#### WHAT YOU WILL DO
Lines from the top of the entries down to the line with "ГДЗ решение к" must be set down exactly as they stand, with both ends retained.

(DATA Opens)

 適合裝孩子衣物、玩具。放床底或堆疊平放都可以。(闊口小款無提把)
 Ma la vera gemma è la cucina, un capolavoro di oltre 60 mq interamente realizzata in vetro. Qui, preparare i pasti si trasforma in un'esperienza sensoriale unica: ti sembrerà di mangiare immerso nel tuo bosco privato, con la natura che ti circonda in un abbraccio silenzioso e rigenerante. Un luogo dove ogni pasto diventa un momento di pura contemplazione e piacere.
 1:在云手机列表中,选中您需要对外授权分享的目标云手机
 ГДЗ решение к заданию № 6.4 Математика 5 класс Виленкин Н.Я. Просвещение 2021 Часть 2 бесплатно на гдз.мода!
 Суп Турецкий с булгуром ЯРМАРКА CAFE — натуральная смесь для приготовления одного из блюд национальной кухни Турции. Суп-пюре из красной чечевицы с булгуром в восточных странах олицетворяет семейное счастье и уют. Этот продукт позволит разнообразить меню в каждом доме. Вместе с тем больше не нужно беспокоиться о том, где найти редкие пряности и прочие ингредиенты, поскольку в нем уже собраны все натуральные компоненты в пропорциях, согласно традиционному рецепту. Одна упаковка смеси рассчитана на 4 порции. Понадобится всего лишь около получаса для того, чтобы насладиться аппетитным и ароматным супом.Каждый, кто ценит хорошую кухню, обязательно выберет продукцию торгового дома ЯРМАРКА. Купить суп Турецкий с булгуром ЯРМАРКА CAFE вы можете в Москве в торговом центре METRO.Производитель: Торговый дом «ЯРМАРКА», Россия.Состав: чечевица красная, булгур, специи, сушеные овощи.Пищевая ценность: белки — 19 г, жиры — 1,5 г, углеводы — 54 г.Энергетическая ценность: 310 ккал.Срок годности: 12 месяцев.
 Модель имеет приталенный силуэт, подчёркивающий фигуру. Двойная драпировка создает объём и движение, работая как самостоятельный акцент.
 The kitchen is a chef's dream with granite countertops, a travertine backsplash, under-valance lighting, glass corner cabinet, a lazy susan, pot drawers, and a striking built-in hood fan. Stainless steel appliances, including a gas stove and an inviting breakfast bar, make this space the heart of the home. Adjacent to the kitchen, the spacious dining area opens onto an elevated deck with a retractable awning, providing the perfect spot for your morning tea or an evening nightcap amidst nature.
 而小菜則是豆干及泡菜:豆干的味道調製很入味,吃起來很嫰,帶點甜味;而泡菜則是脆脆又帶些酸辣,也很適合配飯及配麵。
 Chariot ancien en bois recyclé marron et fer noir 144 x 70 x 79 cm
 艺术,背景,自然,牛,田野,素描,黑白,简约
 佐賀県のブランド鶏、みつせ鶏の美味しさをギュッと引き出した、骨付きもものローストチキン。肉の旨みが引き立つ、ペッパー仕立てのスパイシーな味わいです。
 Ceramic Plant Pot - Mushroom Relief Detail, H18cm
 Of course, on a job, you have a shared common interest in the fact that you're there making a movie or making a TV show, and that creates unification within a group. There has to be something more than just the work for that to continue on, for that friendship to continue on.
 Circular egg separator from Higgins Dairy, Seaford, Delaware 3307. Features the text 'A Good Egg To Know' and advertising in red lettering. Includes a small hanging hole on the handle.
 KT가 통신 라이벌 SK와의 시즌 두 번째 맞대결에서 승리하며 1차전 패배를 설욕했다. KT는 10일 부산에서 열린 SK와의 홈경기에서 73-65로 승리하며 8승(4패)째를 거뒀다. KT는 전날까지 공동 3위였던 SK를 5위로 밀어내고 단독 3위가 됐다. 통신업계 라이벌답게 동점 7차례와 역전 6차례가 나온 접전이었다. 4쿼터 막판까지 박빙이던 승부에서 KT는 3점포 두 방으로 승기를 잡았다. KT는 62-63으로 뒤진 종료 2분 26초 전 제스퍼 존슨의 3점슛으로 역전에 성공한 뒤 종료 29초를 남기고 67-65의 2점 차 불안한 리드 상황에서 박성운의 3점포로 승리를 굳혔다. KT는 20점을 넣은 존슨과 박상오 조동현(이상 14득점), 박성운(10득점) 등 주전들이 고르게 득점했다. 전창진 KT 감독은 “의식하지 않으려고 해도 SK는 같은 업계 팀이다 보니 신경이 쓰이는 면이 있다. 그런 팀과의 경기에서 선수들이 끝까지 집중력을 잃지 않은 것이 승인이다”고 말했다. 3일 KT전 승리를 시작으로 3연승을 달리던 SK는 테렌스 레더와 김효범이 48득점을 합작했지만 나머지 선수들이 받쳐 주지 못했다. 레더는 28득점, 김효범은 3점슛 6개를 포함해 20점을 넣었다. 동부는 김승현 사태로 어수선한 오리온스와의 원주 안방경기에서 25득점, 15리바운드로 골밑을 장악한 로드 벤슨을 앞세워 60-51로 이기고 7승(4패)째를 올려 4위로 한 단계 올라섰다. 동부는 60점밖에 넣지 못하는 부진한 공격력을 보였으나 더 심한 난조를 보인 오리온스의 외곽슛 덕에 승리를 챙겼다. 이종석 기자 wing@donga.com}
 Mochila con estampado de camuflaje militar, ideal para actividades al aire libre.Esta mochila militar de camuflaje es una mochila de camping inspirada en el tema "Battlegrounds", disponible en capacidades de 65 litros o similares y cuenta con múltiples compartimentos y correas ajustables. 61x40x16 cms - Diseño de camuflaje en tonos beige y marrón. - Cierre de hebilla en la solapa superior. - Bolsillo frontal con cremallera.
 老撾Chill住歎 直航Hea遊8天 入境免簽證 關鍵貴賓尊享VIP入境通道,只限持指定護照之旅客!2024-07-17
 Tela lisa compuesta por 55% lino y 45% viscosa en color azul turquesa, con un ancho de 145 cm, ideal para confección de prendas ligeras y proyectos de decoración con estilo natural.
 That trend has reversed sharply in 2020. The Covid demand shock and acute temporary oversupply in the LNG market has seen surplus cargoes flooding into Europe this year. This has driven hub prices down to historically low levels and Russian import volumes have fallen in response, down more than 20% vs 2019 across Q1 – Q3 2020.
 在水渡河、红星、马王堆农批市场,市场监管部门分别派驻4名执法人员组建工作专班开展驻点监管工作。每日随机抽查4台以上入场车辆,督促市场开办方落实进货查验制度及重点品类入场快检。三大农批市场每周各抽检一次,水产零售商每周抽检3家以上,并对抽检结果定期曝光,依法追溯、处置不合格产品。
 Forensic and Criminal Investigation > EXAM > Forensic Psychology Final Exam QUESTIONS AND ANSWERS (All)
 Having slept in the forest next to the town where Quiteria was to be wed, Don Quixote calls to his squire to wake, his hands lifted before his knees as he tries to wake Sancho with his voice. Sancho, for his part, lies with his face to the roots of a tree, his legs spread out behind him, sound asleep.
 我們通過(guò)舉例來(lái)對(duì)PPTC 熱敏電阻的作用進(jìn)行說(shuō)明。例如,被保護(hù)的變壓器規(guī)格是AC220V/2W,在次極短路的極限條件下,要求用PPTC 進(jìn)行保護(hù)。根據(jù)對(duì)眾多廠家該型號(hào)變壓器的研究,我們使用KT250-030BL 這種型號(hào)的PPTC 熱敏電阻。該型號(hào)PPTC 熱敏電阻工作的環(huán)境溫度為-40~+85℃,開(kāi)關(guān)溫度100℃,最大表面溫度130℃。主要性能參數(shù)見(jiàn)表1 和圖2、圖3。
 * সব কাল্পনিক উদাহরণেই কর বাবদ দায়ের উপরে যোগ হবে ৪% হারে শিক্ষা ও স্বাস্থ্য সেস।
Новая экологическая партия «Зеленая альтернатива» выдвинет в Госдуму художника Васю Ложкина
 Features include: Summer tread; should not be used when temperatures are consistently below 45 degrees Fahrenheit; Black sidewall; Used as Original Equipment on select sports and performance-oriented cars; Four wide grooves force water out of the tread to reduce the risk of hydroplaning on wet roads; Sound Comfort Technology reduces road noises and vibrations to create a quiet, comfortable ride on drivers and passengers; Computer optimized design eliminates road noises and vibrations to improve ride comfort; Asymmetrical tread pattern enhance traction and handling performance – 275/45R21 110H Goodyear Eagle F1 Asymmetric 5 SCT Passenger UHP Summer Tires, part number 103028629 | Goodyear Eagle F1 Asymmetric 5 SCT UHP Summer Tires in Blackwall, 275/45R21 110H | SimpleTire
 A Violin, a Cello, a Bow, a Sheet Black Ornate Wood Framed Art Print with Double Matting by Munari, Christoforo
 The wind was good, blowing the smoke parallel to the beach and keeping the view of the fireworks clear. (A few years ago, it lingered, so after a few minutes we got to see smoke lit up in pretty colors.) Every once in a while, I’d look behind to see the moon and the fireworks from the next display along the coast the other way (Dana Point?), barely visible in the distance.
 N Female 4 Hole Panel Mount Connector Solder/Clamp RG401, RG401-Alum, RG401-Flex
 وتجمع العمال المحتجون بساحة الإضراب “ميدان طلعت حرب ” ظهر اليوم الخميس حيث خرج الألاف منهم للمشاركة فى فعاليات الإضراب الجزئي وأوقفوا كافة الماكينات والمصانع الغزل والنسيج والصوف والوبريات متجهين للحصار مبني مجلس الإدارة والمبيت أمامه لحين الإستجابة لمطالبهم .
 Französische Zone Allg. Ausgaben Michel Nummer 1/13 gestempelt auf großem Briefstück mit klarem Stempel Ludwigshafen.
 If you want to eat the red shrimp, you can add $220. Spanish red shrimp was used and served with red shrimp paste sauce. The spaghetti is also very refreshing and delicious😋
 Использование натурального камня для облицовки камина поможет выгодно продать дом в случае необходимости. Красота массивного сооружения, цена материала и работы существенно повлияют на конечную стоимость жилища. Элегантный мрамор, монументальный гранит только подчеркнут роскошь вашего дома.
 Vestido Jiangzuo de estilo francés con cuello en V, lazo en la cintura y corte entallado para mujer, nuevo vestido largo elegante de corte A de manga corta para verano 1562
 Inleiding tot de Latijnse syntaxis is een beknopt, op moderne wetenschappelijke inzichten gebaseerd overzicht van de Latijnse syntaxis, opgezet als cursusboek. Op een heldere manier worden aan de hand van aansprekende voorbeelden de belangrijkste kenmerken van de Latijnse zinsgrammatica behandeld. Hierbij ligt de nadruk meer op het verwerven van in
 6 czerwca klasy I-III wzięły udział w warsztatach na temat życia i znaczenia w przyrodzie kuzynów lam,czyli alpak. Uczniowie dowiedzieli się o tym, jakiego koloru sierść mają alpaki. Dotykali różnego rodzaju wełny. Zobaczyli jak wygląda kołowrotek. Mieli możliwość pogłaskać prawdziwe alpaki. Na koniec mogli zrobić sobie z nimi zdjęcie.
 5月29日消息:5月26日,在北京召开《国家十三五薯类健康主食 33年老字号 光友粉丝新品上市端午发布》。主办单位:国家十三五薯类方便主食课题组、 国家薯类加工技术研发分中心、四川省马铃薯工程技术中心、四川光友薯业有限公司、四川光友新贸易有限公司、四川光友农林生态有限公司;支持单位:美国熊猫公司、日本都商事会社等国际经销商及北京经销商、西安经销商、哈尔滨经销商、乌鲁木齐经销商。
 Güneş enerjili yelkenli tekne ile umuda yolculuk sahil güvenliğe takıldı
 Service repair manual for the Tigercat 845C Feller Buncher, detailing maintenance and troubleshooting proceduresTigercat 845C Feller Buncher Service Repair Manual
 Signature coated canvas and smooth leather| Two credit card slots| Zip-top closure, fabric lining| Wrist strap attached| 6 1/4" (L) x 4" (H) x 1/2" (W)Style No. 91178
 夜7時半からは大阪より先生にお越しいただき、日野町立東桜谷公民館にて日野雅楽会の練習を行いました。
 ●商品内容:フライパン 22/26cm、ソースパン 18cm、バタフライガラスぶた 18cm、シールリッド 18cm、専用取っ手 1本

(DATA Closes)

#### WRITTEN SOLUTION
 適合裝孩子衣物、玩具。放床底或堆疊平放都可以。(闊口小款無提把)
 Ma la vera gemma è la cucina, un capolavoro di oltre 60 mq interamente realizzata in vetro. Qui, preparare i pasti si trasforma in un'esperienza sensoriale unica: ti sembrerà di mangiare immerso nel tuo bosco privato, con la natura che ti circonda in un abbraccio silenzioso e rigenerante. Un luogo dove ogni pasto diventa un momento di pura contemplazione e piacere.
 1:在云手机列表中,选中您需要对外授权分享的目标云手机
 ГДЗ решение к заданию № 6.4 Математика 5 класс Виленкин Н.Я. Просвещение 2021 Часть 2 бесплатно на гдз.мода!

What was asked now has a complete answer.